What to produce =>
Repeat every entry word for word, but leave the images out of your copy.

Saved data entries =>
╭──

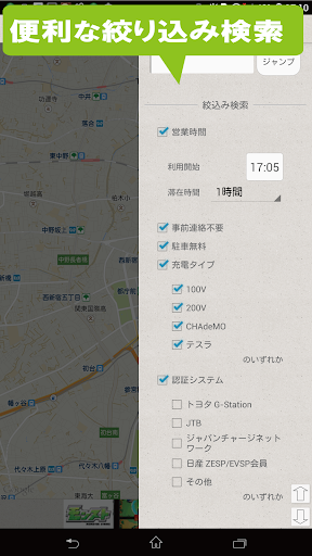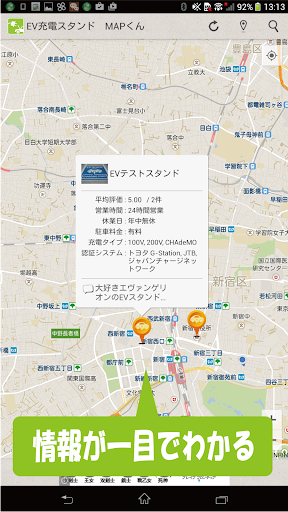 MAP上の『EVピン』をタップすると、充電タイプや営業時間、認証システムなど
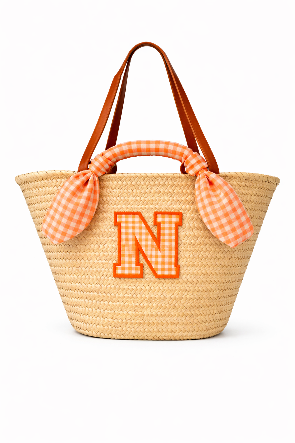 Capazo hecho a mano con palma natural con asas de piel largas y las dos pequeñas forradas, con la tela elegida a conjunto con la inicial que quieras.
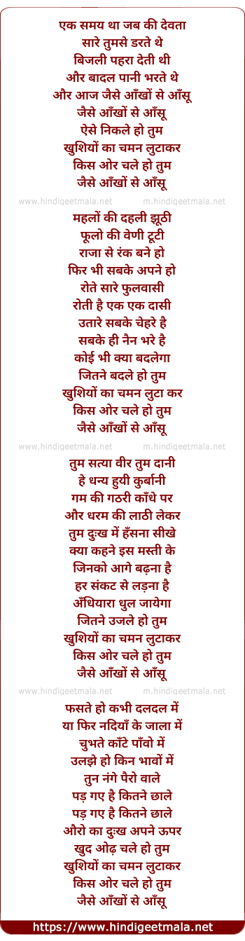 Poetic Translation - Lyrics of Jaise Ankhon Se Aasu - जैसे आँखों से आँसू
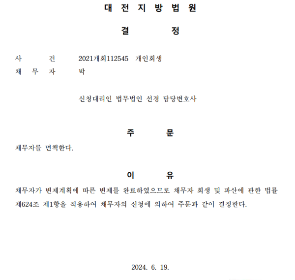 개인회생신청사건의 면책 결정문
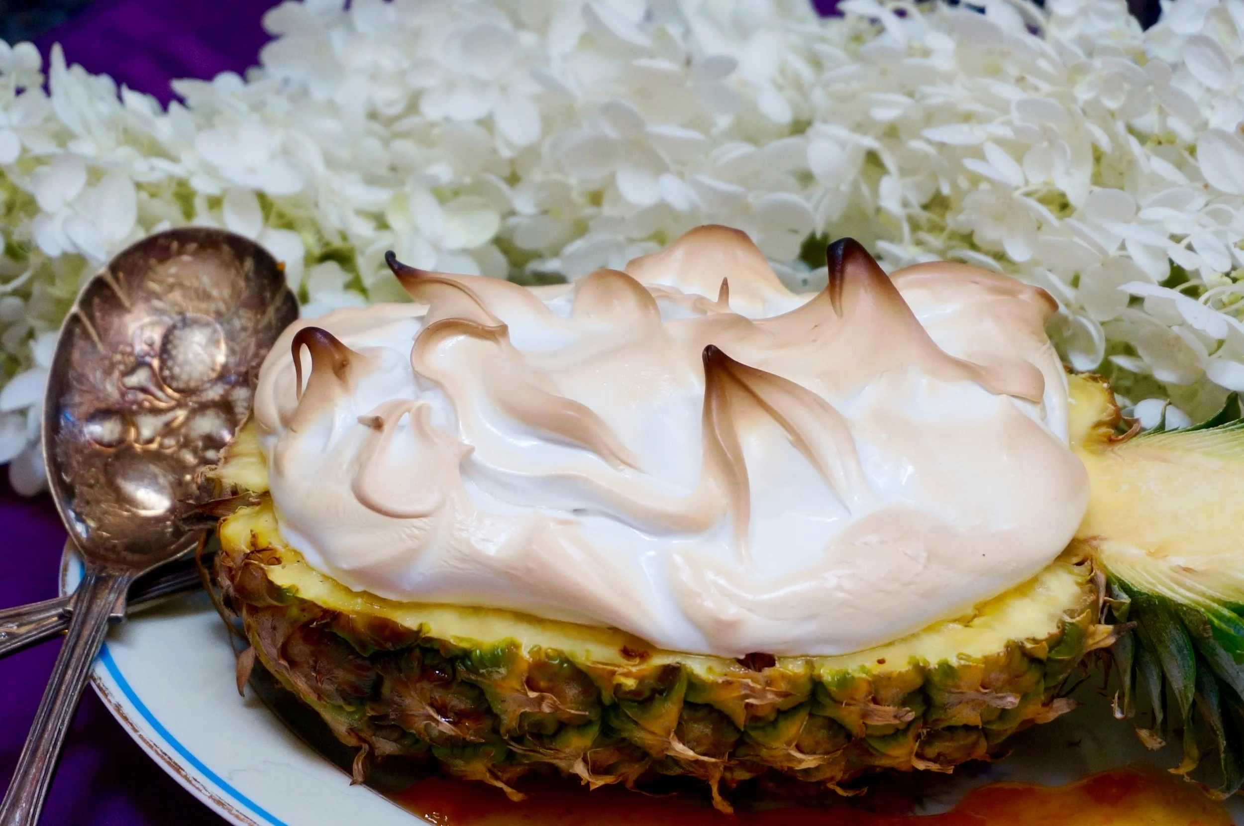 BAKED MARINATED PINEAPPLE WITH MERINGUE TOP
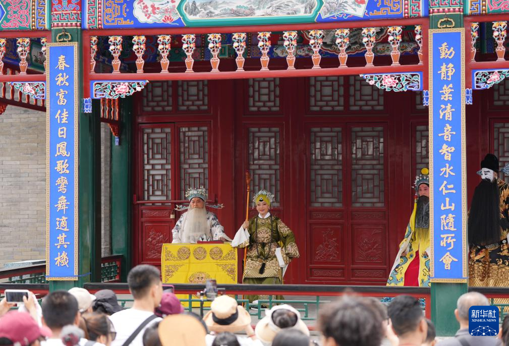5月31日,游客在沈阳故宫欣赏评剧《杨八姐游春》演出。

╰──

Answer box =>
 MAP上の『EVピン』をタップすると、充電タイプや営業時間、認証システムなど
 Capazo hecho a mano con palma natural con asas de piel largas y las dos pequeñas forradas, con la tela elegida a conjunto con la inicial que quieras.
 Poetic Translation - Lyrics of Jaise Ankhon Se Aasu - जैसे आँखों से आँसू
 개인회생신청사건의 면책 결정문
 BAKED MARINATED PINEAPPLE WITH MERINGUE TOP
5月31日,游客在沈阳故宫欣赏评剧《杨八姐游春》演出。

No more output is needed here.